**Data segment**

• • • • • • •

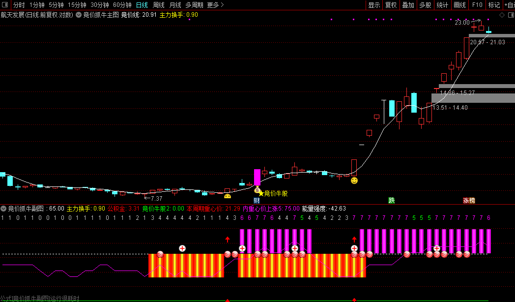 “竞价抓牛”是聚焦A股早盘竞价阶段的实战选股公式,核心融合量能异动、左峰突破、多技术指标共振逻辑,专为捕捉竞价阶段强势牛股设计。公式通过统计10周期内价格突破前高(零号信号)、量能低位异动,结合突破5/10/20/40周期峰谷压力位(过左峰),叠加MACD、KDJ、CCI、OBV等7大指标共振(XJ数值)、主力资金(庄比例)、能量强度等维度,多维度筛选具备上涨潜力的个股。
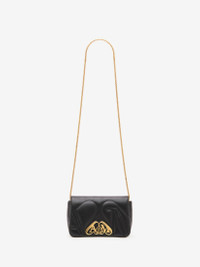 Black Mini Seal bag handcrafted from padded lambskin leather, featuring an exploded Seal Logo and a gold-finished cut-out metal Seal closure. The Mini Seal bag plays with curves and rounded edges. This bag can be worn across the body using its woven metal chain strap. Alternatively, it can be worn over the shoulder by doubling the chain strap or hand-held by removing the detachable chain strap. Product details - Dimensions: Length 22 x Height 13 x Depth 5 cm / 8.6 x 5.1 x 1.9 inches - Chain strap drop: 2355 cm / 921.6 inches - Metal Seal fastening - One main compartment and a flat pocket - Tonal leather lining - Detachable goldfinished chain strap - Product code: 7770111BLE11000 - Made in Italy
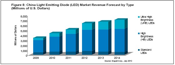 另外,憑借政府的支持和LED日益進(jìn)入液晶電視及普通照明等新的應(yīng)用領(lǐng)域,iSuppli公司預(yù)測(cè),2014年中國(guó)LED營(yíng)業(yè)收入將達(dá)到71億美元,而2009年是34億美元,其間的復(fù)合年度增長(zhǎng)率為12.8%。超高亮度(UHB)LED的增長(zhǎng)速度更快,到2014年銷(xiāo)售額將從2010年的6.86億美元上升到18億美元,復(fù)合年度增長(zhǎng)率為26.9%。

• • • • • • •

**Work item**
Please give again, word for word, the lines from the one containing "Black Mini Seal" through the last line of the listing above, inclusive, and leave out pictures.

**Solution**
 Black Mini Seal bag handcrafted from padded lambskin leather, featuring an exploded Seal Logo and a gold-finished cut-out metal Seal closure. The Mini Seal bag plays with curves and rounded edges. This bag can be worn across the body using its woven metal chain strap. Alternatively, it can be worn over the shoulder by doubling the chain strap or hand-held by removing the detachable chain strap. Product details - Dimensions: Length 22 x Height 13 x Depth 5 cm / 8.6 x 5.1 x 1.9 inches - Chain strap drop: 2355 cm / 921.6 inches - Metal Seal fastening - One main compartment and a flat pocket - Tonal leather lining - Detachable goldfinished chain strap - Product code: 7770111BLE11000 - Made in Italy
 另外,憑借政府的支持和LED日益進(jìn)入液晶電視及普通照明等新的應(yīng)用領(lǐng)域,iSuppli公司預(yù)測(cè),2014年中國(guó)LED營(yíng)業(yè)收入將達(dá)到71億美元,而2009年是34億美元,其間的復(fù)合年度增長(zhǎng)率為12.8%。超高亮度(UHB)LED的增長(zhǎng)速度更快,到2014年銷(xiāo)售額將從2010年的6.86億美元上升到18億美元,復(fù)合年度增長(zhǎng)率為26.9%。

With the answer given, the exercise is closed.